### Problem requirements
For the records below, output word for word the lines from the one with "Oxford White 2022" up to and including the one with "You shop online". No pictures.

### Excerpted records

- - - - -

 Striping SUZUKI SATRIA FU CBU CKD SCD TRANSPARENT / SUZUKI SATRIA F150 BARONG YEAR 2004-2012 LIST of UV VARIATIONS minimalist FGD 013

- - - - -

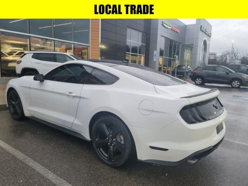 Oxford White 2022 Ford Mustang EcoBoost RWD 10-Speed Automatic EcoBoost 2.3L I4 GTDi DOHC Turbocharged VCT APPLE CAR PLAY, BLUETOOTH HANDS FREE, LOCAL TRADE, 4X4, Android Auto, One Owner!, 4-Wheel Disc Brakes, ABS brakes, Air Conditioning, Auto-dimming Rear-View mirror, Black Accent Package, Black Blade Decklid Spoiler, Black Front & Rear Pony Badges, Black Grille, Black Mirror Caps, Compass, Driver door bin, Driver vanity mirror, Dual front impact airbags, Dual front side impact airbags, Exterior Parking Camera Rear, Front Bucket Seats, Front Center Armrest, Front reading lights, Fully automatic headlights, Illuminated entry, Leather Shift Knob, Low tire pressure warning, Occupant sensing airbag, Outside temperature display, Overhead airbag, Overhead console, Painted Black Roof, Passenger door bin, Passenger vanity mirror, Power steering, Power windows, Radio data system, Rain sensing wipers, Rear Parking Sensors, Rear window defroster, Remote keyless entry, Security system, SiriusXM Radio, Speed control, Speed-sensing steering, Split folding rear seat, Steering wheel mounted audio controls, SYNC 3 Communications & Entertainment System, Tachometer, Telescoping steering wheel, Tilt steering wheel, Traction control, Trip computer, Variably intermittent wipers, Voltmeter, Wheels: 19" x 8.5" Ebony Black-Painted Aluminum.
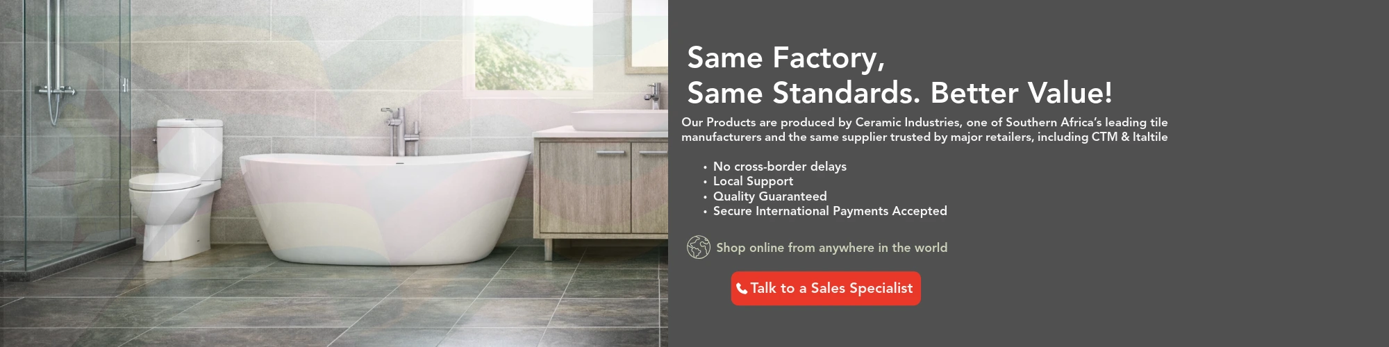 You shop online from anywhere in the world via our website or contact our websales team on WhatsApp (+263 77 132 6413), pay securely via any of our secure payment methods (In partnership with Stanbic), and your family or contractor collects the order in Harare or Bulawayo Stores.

- - - - -

### Completed exercise
 Oxford White 2022 Ford Mustang EcoBoost RWD 10-Speed Automatic EcoBoost 2.3L I4 GTDi DOHC Turbocharged VCT APPLE CAR PLAY, BLUETOOTH HANDS FREE, LOCAL TRADE, 4X4, Android Auto, One Owner!, 4-Wheel Disc Brakes, ABS brakes, Air Conditioning, Auto-dimming Rear-View mirror, Black Accent Package, Black Blade Decklid Spoiler, Black Front & Rear Pony Badges, Black Grille, Black Mirror Caps, Compass, Driver door bin, Driver vanity mirror, Dual front impact airbags, Dual front side impact airbags, Exterior Parking Camera Rear, Front Bucket Seats, Front Center Armrest, Front reading lights, Fully automatic headlights, Illuminated entry, Leather Shift Knob, Low tire pressure warning, Occupant sensing airbag, Outside temperature display, Overhead airbag, Overhead console, Painted Black Roof, Passenger door bin, Passenger vanity mirror, Power steering, Power windows, Radio data system, Rain sensing wipers, Rear Parking Sensors, Rear window defroster, Remote keyless entry, Security system, SiriusXM Radio, Speed control, Speed-sensing steering, Split folding rear seat, Steering wheel mounted audio controls, SYNC 3 Communications & Entertainment System, Tachometer, Telescoping steering wheel, Tilt steering wheel, Traction control, Trip computer, Variably intermittent wipers, Voltmeter, Wheels: 19" x 8.5" Ebony Black-Painted Aluminum.
 You shop online from anywhere in the world via our website or contact our websales team on WhatsApp (+263 77 132 6413), pay securely via any of our secure payment methods (In partnership with Stanbic), and your family or contractor collects the order in Harare or Bulawayo Stores.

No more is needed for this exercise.